- ACTIVITY: Every line from the opening of the records to the line with "捧杯时刻,莱比锡众将举起冠军奖杯" should be restated exactly, with both ends included and the pictures left out.

- GIVEN DATA:
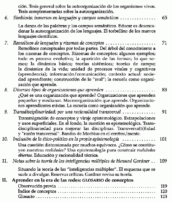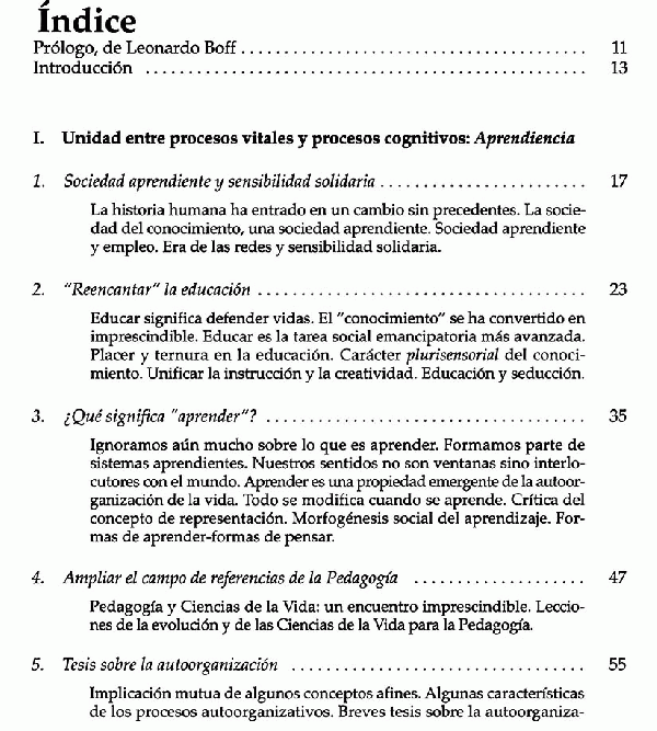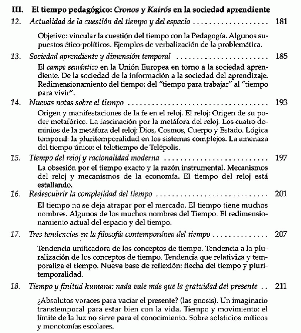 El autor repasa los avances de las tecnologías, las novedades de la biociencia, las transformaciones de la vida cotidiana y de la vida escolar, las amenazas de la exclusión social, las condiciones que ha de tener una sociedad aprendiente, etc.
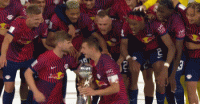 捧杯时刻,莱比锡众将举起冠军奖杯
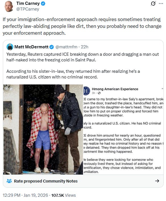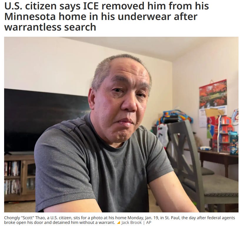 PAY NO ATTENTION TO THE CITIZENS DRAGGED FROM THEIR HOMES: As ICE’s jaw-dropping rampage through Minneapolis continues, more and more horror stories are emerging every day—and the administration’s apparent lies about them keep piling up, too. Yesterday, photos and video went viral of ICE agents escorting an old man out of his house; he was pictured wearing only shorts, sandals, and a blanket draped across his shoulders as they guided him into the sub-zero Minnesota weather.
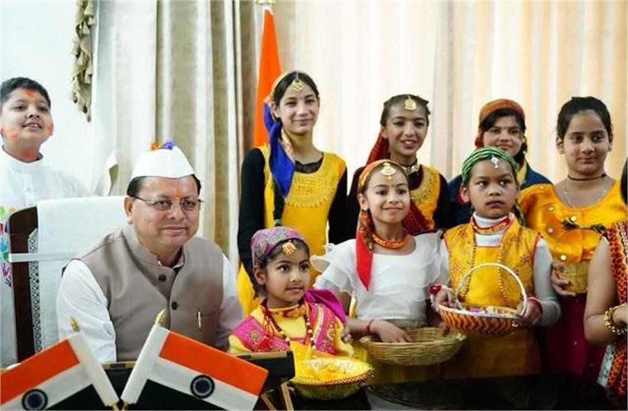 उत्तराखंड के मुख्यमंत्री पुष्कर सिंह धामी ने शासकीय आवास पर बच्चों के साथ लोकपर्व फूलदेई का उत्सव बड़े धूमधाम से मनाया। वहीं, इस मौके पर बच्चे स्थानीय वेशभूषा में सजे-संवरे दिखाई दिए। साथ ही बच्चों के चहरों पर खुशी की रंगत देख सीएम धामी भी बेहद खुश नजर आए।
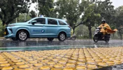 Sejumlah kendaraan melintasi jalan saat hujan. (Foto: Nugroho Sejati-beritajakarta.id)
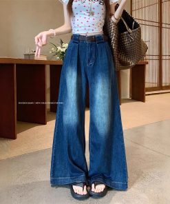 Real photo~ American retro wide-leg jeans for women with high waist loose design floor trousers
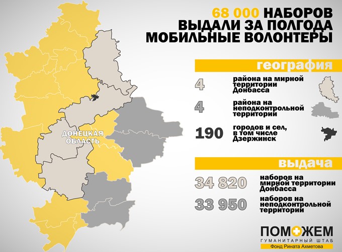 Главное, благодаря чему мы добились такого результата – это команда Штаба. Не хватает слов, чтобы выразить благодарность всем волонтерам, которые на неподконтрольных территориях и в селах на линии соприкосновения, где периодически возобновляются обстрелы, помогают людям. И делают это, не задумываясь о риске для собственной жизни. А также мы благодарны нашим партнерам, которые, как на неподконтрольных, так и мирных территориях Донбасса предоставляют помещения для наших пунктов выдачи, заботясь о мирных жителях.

- RESULT OF THE TASK:
 El autor repasa los avances de las tecnologías, las novedades de la biociencia, las transformaciones de la vida cotidiana y de la vida escolar, las amenazas de la exclusión social, las condiciones que ha de tener una sociedad aprendiente, etc.
 捧杯时刻,莱比锡众将举起冠军奖杯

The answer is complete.